8. Hukuk Dairesi 2010/5761 E. , 2011/2553 K.
"İçtihat Metni"MAHKEMESİ :Asliye Hukuk Mahkemesi
DAVA TÜRÜ : Tapu İptali ve Tescil
... ile Hazine aralarındaki tapu iptali ve tescil davasının kabulüne dair Sivas 1. Asliye Hukuk Mahkemesinden verilen 17.12.2009 gün ve 196/357 sayılı hükmün Yargıtay"ca incelenmesi davalı vekili tarafından süresinde istenilmiş olmakla dosya incelendi gereği düşünüldü:
K A R A R
Davacı ..., 26 yıl önce Mehmet Öztürk’ten satın aldığı 60 dönümlük taşınmazın 53 dönümünün 172 ada 375 parsel olarak Hazine adına tespit ve tapuya tescil edildiğini, taşınmazın tapusunun iptali ile adına tapuya kayıt ve tesciline karar verilmesini istemiştir.
Davalı Hazine vekili, 16.06.2008 tarihli yargılama oturumunda davayı kabul etmediklerini bildirerek reddini savunmuştur.
Mahkemece, teknik bilirkişi Selçuk Aksoy ve Abdullah Kılınç’ın 02.06.2009 havale tarihli raporlarına ekli krokide A harfiyle gösterilen 23518, 74 m2 yüzölçümlü taşınmaz hakkındaki davanın kabulüyle davacı adına tapuya kayıt ve tesciline karar verilmesi üzerine hüküm davalı Hazine vekili tarafından temyiz edilmiştir.
Dava; kazanmayı sağlayan zilyetlik, harici satın alma ve eklemeli zilyetlik hukuksal sebeplerine dayalı olarak TMK.nun 713/1 ve 3402 sayılı Kadastro Kanununun 14.maddesi gereğince açılan mülkiyetin aktarılmasına ilişkin tapu iptali ve tescil davasıdır.
Mahkemece, davanın kabulüne karar verilmişse de yapılan araştırma ve inceleme hüküm vermeye yeterli bulunmamaktadır.
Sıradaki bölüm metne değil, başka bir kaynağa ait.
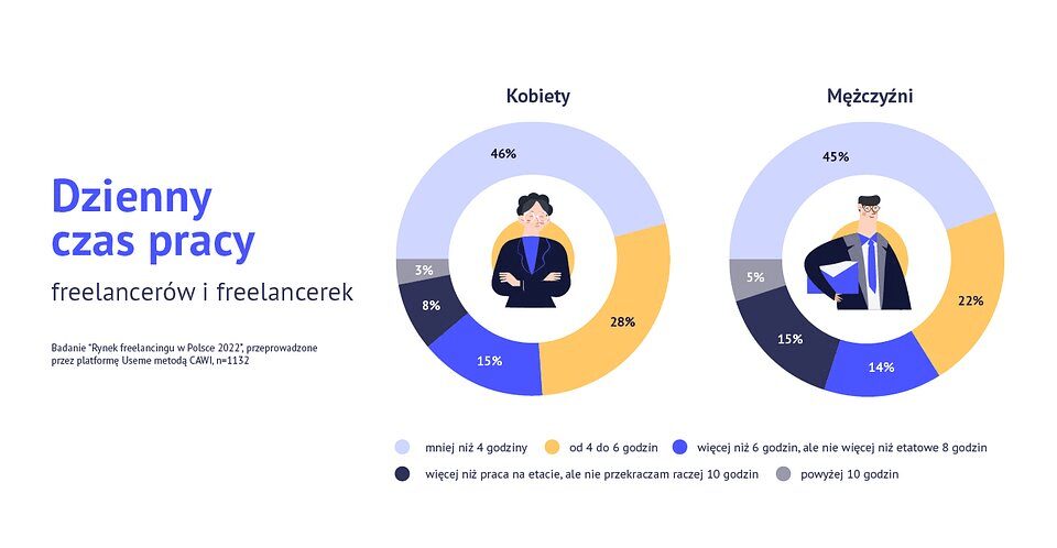 Podobieństwa możemy zaobserwować również w kontekście ilości czasu, jaką specjaliści i specjalistki poświęcają w ciągu dnia na pracę zdalną. Różnice możemy zaobserwować tylko w przedziale najbardziej zapracowanych, czyli osób, które poświęcają na freelancing więcej, niż wymaga praca na etacie, ale mniej niż 10 godzin dziennie. W tej grupie wyraźnie dominują mężczyźni – 18 proc. ankietowanych w porównaniu do 8 proc. biorących udział w badaniu kobiet.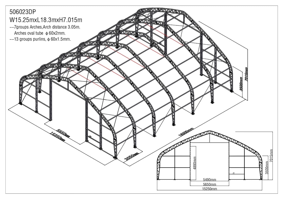 pozinkovaná trubková konstrukce, spojovací materiál, roxorové kotvy do země, střešní a boční plachty, český manuál pro montáž haly

Dava konusu parsel, 17.05.2007 tarihinde yapılan kadastro çalışmaları sırasında Devletin hüküm ve tasarrufu altında bulunan ekonomik yarar sağlanması mümkün olan yerlerden olması nedeniyle ham toprak niteliğiyle 201 hektar 0075,40 m2 yüzölçümlü olarak ... adına tespit ve tescil edilmiş, kadastro tutanağı 08.09.2007 tarihinde kesinleşmiştir. Keşifte dinlenen uzman bilirkişi ziraat mühendisi Bedrettin Eğir 15.12.2009 günlü ek raporunda; “…Söz konusu taşınmazın son yıllarda (6-7 yıl arası) işlemeli tarım yapılmadığını, ancak keşif tarihinde toprak işlemesi yapılarak komşu arazilerden yayılan mera bitkilerinin yok edilerek fiğ ekildiğini, ayrıca sürülen alan içerisinde sürümden arta kalan çok az miktardaki geven bitkisinin (çok yıllık mera bitkisi) taç ve kök yapısından da 5-8 yıl arası toprak işlemesinin yapılmadığı kanaatine varıldığını” açıklamıştır.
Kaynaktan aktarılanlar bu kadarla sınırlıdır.